* [Task description] Leave out every picture and set down, exactly, the lines below from the one holding "ガソリンスタンドに並ぶ車両" up to and including the one holding "aztán bizánci hatásra".

* [Exercise inputs]
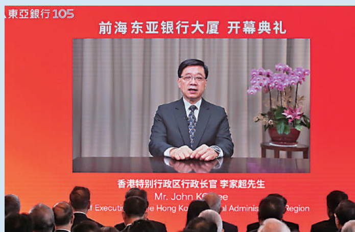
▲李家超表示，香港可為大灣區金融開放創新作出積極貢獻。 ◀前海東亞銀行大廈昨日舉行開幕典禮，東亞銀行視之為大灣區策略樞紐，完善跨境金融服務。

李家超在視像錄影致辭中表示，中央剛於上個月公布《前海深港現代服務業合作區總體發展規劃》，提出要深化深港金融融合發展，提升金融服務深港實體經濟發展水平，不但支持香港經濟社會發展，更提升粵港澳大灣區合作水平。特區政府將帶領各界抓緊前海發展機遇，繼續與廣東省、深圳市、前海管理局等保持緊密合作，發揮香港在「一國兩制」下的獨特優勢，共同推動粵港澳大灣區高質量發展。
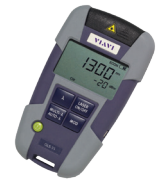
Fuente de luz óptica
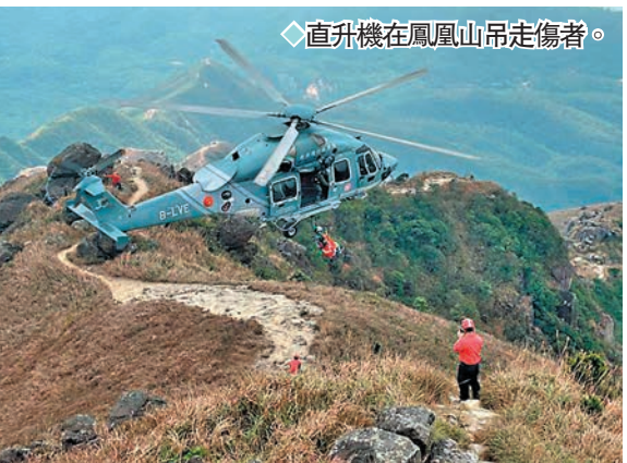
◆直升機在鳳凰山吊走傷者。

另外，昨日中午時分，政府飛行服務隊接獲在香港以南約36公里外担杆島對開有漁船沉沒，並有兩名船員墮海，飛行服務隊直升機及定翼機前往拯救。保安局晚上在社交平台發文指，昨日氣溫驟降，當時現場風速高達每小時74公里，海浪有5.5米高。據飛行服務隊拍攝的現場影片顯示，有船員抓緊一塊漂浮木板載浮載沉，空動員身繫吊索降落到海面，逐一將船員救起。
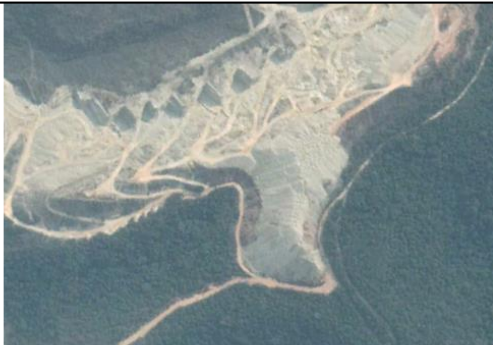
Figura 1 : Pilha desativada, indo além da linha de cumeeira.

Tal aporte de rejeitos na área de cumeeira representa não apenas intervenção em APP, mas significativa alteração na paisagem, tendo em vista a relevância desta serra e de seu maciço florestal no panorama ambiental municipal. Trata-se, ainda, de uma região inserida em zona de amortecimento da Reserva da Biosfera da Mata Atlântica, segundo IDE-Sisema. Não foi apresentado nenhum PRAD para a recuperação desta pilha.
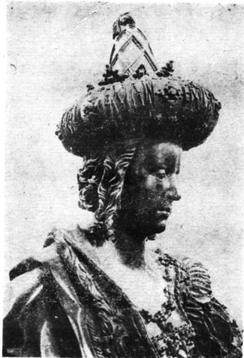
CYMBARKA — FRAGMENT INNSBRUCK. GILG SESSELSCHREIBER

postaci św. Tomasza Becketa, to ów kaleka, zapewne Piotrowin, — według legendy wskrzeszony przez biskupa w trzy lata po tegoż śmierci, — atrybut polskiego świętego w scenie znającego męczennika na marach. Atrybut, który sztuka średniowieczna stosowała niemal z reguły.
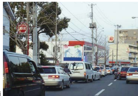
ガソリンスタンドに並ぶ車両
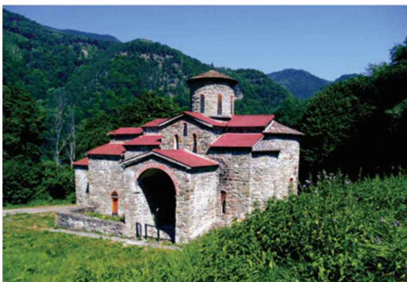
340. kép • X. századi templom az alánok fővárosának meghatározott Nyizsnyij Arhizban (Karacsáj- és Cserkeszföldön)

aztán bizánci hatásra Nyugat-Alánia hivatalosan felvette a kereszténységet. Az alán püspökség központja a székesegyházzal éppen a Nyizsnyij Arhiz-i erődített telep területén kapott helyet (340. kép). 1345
==
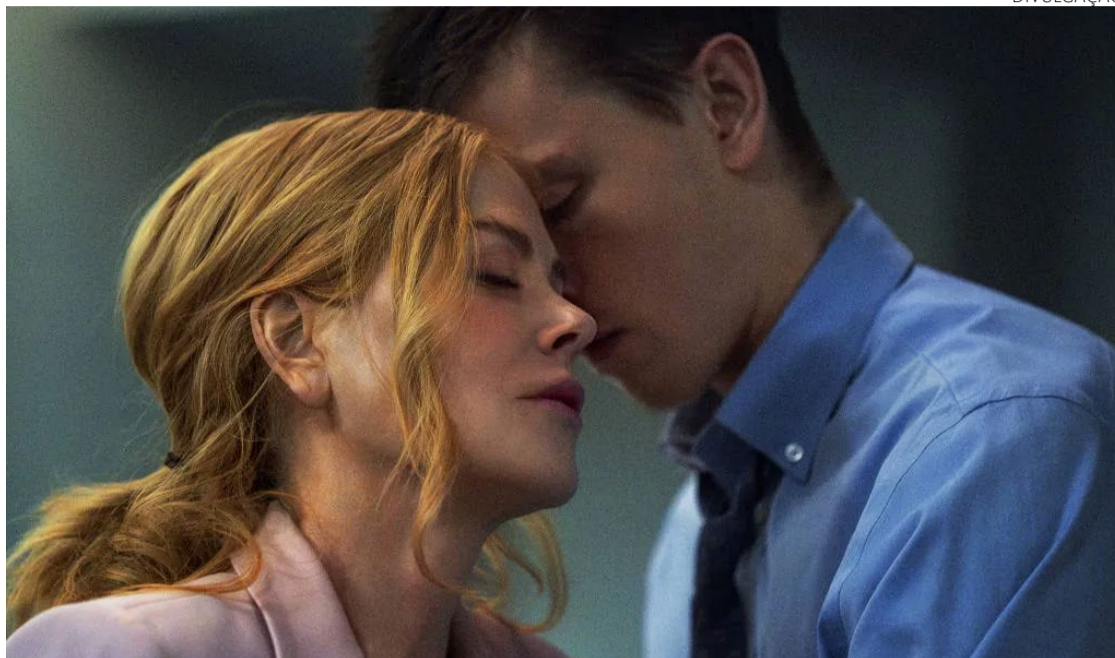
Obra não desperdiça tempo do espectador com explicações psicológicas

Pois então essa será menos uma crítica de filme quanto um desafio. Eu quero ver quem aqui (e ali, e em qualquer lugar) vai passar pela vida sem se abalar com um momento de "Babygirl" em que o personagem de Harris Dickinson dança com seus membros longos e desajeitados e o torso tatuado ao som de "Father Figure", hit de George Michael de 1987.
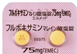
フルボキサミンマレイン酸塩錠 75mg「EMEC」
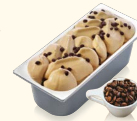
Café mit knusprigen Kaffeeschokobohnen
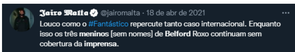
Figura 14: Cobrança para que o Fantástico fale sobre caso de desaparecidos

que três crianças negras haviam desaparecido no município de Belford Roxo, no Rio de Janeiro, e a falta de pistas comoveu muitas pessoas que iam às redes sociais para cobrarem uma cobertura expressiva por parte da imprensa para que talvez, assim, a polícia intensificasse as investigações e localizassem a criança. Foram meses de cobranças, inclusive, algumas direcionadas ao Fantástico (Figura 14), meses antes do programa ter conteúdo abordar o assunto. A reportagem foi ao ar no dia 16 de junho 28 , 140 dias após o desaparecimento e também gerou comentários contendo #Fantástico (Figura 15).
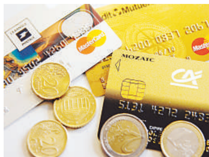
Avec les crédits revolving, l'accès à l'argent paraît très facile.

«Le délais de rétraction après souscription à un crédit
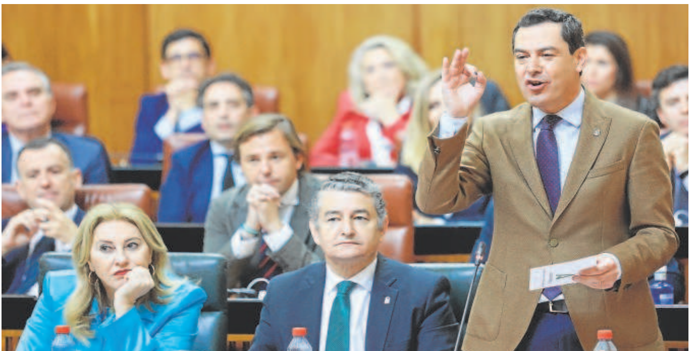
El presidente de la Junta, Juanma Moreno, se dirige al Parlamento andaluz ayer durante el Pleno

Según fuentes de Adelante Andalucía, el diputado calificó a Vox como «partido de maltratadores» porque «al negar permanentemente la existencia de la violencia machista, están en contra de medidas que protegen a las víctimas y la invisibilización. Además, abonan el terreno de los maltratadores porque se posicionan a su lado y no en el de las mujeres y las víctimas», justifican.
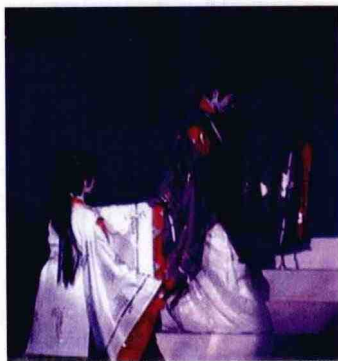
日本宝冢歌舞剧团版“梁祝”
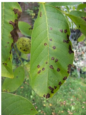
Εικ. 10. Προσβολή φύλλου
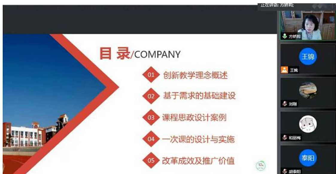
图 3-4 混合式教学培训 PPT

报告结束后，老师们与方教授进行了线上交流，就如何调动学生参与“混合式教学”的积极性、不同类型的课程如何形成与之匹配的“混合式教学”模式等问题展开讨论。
--
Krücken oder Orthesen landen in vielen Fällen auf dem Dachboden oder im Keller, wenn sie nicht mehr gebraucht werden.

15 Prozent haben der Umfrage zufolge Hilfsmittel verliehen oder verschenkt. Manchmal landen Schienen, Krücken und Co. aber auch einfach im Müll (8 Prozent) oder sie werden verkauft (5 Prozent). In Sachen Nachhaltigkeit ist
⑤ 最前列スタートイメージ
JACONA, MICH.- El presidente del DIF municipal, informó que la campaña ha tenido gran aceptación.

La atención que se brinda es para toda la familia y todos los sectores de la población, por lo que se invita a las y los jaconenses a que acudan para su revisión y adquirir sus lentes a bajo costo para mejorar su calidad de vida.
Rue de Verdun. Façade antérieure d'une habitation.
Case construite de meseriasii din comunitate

* [Output for this exercise]
ガソリンスタンドに並ぶ車両
340. kép • X. századi templom az alánok fővárosának meghatározott Nyizsnyij Arhizban (Karacsáj- és Cserkeszföldön)

aztán bizánci hatásra Nyugat-Alánia hivatalosan felvette a kereszténységet. Az alán püspökség központja a székesegyházzal éppen a Nyizsnyij Arhiz-i erődített telep területén kapott helyet (340. kép). 1345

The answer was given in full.